■ Work task:
Pictures stay out, but every line of the data is copied exactly.

■ Stored data:
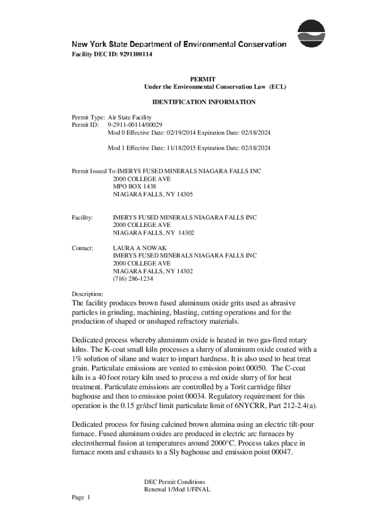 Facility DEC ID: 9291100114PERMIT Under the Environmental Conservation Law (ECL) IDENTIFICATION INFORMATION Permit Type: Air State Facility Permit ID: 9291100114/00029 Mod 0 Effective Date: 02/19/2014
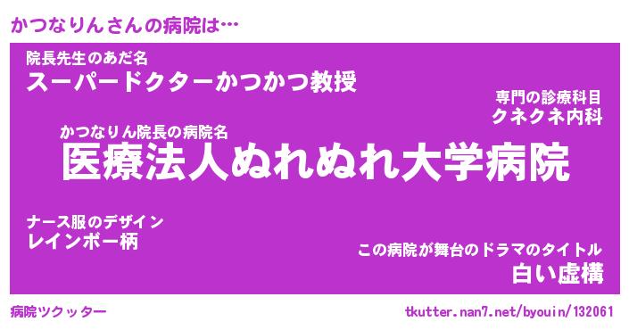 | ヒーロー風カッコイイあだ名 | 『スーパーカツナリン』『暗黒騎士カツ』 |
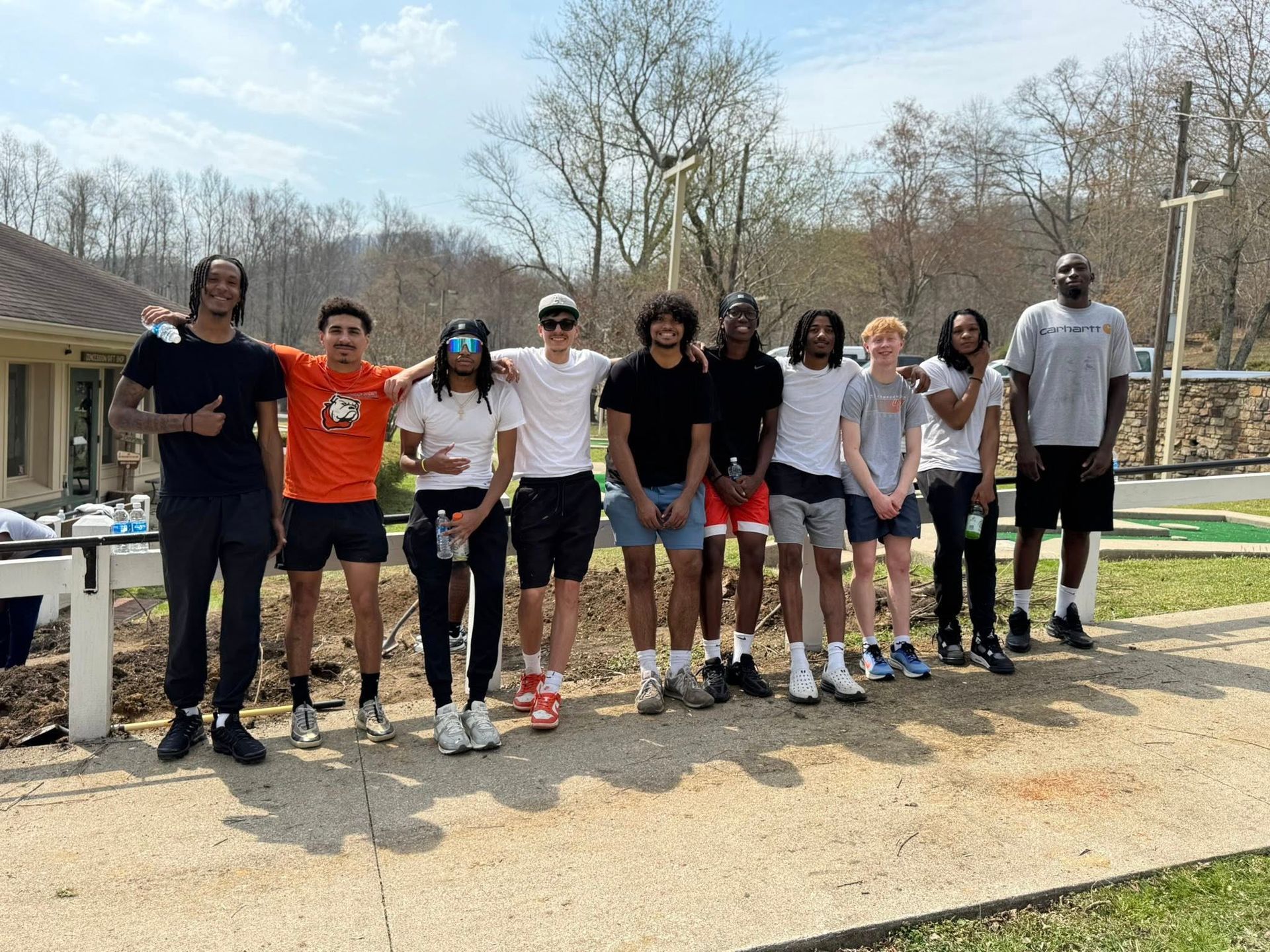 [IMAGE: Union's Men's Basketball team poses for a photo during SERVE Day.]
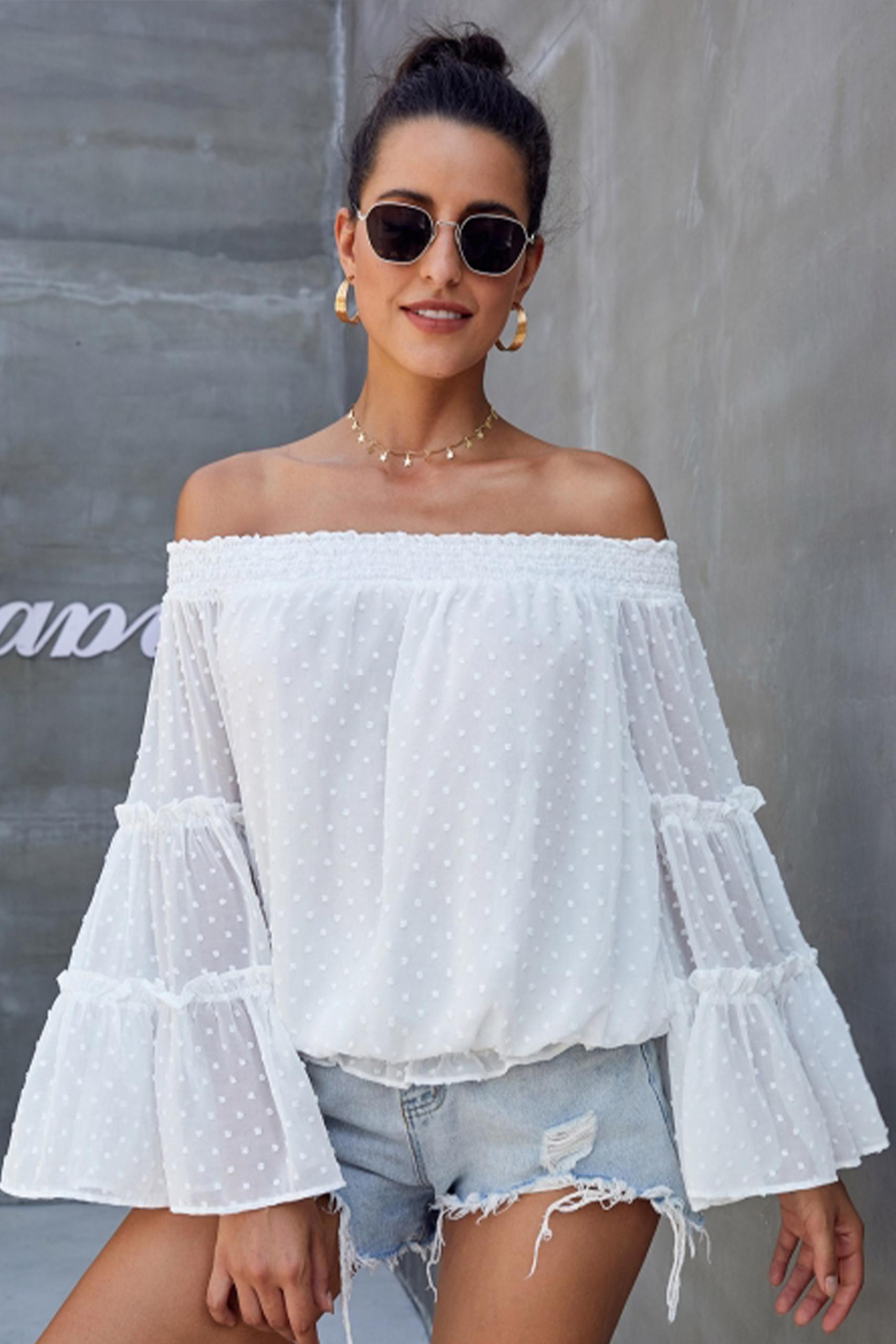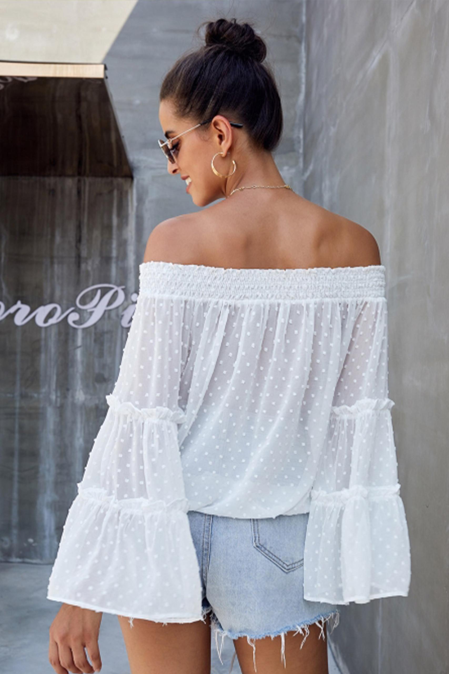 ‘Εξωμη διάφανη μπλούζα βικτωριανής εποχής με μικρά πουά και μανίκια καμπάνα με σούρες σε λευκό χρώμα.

■ Task output:
 Facility DEC ID: 9291100114PERMIT Under the Environmental Conservation Law (ECL) IDENTIFICATION INFORMATION Permit Type: Air State Facility Permit ID: 9291100114/00029 Mod 0 Effective Date: 02/19/2014
 | ヒーロー風カッコイイあだ名 | 『スーパーカツナリン』『暗黒騎士カツ』 |
 [IMAGE: Union's Men's Basketball team poses for a photo during SERVE Day.]
 ‘Εξωμη διάφανη μπλούζα βικτωριανής εποχής με μικρά πουά και μανίκια καμπάνα με σούρες σε λευκό χρώμα.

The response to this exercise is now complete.